Sequential scientific data span many resolutions and domains, and unifying them into a common representation is a key step toward developing foundation models for the sciences. Astronomical spectra exemplify this challenge: massive surveys have collected millions of spectra across a wide range of wavelengths and resolutions, yet analyses remain fragmented across spectral domains (e.g., optical vs. infrared) and object types (e.g., stars vs. galaxies), limiting the ability to pool information across datasets. We present a deep learning model that jointly learns from heterogeneous spectra in a self-supervised manner.
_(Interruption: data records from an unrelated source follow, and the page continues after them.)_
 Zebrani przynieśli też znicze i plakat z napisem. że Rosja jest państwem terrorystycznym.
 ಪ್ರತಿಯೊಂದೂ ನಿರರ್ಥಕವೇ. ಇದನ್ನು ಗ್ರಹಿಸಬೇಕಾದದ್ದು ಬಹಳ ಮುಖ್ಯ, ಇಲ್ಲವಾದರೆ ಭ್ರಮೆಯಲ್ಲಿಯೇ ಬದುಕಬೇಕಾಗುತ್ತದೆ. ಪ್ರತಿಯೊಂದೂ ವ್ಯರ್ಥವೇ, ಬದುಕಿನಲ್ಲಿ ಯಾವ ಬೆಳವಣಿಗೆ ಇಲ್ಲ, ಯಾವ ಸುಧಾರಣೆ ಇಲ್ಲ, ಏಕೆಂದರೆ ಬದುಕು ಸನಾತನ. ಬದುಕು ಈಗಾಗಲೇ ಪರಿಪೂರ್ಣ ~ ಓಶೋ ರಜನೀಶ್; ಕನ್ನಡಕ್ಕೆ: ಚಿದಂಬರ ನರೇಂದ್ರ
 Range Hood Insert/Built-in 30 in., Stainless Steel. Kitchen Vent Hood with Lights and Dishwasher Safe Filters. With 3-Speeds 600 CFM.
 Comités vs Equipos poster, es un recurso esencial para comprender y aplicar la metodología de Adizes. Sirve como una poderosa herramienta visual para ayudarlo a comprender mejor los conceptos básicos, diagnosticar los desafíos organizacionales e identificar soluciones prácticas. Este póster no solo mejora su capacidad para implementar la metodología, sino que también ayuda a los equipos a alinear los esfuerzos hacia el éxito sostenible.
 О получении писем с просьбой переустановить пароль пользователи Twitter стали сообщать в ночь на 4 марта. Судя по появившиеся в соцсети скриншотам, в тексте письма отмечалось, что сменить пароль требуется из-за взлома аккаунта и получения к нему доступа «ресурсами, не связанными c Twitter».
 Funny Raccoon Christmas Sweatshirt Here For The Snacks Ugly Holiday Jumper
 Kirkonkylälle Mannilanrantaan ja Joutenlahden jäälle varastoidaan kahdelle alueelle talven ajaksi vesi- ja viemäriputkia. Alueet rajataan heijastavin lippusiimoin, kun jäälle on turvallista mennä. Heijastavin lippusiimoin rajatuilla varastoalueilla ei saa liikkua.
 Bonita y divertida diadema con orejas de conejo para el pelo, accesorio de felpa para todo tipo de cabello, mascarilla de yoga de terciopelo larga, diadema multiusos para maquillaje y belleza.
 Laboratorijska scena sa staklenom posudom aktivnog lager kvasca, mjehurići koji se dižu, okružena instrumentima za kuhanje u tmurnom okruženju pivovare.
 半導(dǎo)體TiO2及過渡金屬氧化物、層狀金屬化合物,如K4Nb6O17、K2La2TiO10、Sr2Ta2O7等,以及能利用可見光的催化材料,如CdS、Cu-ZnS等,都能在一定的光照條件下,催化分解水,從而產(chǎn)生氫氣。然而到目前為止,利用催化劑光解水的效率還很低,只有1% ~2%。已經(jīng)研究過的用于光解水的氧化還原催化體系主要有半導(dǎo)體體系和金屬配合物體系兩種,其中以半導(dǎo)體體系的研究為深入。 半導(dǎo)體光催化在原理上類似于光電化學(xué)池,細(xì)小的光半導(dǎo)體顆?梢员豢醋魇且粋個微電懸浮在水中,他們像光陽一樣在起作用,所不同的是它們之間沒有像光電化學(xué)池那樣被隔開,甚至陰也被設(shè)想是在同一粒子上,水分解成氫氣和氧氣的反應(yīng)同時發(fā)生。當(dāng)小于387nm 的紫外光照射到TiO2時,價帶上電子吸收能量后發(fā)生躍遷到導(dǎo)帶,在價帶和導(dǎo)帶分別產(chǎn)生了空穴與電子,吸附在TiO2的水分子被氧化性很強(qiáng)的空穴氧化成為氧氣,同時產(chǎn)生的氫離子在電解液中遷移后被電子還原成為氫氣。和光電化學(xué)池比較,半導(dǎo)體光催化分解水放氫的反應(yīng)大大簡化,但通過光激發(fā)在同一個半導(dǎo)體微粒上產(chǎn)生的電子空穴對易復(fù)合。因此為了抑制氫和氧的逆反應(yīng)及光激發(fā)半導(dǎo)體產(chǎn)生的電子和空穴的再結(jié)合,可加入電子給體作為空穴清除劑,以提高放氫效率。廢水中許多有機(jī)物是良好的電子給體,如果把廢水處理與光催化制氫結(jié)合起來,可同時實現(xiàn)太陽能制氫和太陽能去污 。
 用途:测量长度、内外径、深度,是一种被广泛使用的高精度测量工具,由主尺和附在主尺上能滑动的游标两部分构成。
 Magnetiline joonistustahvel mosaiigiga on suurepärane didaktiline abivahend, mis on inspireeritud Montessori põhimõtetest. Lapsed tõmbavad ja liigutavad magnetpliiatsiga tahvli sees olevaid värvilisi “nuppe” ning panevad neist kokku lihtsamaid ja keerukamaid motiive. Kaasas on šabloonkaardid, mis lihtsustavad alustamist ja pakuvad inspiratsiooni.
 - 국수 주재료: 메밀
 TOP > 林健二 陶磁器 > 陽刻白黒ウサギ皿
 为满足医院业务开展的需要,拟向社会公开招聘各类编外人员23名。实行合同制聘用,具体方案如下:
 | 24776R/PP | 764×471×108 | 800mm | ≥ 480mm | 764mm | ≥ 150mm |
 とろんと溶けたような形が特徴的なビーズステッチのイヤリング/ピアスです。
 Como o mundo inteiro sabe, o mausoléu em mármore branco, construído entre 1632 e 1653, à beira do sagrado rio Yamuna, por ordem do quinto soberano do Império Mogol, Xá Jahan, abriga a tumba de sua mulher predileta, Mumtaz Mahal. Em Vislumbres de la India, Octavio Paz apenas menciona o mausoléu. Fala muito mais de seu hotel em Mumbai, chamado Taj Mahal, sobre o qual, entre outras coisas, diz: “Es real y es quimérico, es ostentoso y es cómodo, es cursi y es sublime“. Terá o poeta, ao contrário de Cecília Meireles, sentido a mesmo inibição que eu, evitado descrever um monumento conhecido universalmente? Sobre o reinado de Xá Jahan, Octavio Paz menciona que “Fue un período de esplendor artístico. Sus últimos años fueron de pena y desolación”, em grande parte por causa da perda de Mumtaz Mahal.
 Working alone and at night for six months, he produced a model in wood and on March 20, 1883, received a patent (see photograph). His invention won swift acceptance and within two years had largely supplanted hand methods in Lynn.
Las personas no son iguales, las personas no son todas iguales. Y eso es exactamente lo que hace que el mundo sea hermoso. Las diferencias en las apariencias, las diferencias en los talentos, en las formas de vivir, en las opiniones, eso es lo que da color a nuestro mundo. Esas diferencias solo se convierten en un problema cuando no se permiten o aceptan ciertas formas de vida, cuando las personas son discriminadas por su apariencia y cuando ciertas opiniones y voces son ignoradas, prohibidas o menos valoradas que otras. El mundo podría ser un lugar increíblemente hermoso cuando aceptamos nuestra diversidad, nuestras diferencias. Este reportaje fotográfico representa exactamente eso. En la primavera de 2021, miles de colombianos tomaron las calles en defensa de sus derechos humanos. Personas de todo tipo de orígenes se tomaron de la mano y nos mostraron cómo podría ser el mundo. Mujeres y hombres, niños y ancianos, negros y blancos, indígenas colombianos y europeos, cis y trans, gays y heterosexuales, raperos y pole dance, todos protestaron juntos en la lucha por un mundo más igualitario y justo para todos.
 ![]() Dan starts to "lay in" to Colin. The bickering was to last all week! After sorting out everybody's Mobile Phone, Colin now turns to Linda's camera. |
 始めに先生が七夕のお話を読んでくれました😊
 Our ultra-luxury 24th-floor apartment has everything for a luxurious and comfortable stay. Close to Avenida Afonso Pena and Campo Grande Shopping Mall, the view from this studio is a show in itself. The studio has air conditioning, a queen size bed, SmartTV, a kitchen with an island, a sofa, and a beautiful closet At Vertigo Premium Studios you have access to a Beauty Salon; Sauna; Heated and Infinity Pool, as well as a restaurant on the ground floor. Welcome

Our universal spectral tokenizer processes spectra from a variety of object types and resolutions directly on their native wavelength grids, producing intrinsically aligned, homogeneous, and physically meaningful representations that can be efficiently adapted to achieve competitive performance across a range of downstream tasks. For the first time, we demonstrate that a single model can unify spectral data across resolutions and domains, suggesting that our model can serve as a powerful building block for foundation models in astronomy -- and potentially extend to other scientific domains with heterogeneous sequential data, such as climate and healthcare.

翻译：序列科学数据涵盖多种分辨率和领域，将其统一为通用表示是构建科学基础模型的关键步骤。天文光谱数据典型地体现了这一挑战：大规模巡天项目已收集了跨越广泛波长范围与分辨率的数百万条光谱，但分析工作仍分散于不同光谱域（如光学与红外）和天体类型（如恒星与星系），限制了跨数据集信息整合的能力。我们提出一种深度学习模型，以自监督方式联合学习异构光谱数据。该通用光谱标记器直接在原始波长网格上处理多种天体类型和分辨率的光谱，生成本质对齐、同质化且具有物理意义的表示，这些表示可高效适配于一系列下游任务，并取得有竞争力的性能。我们首次证明单一模型能够统一跨分辨率与跨领域的光谱数据，表明该模型可作为天文学基础模型的有力构建模块，并有望扩展至其他具有异构序列数据的科学领域，如气候与医疗健康。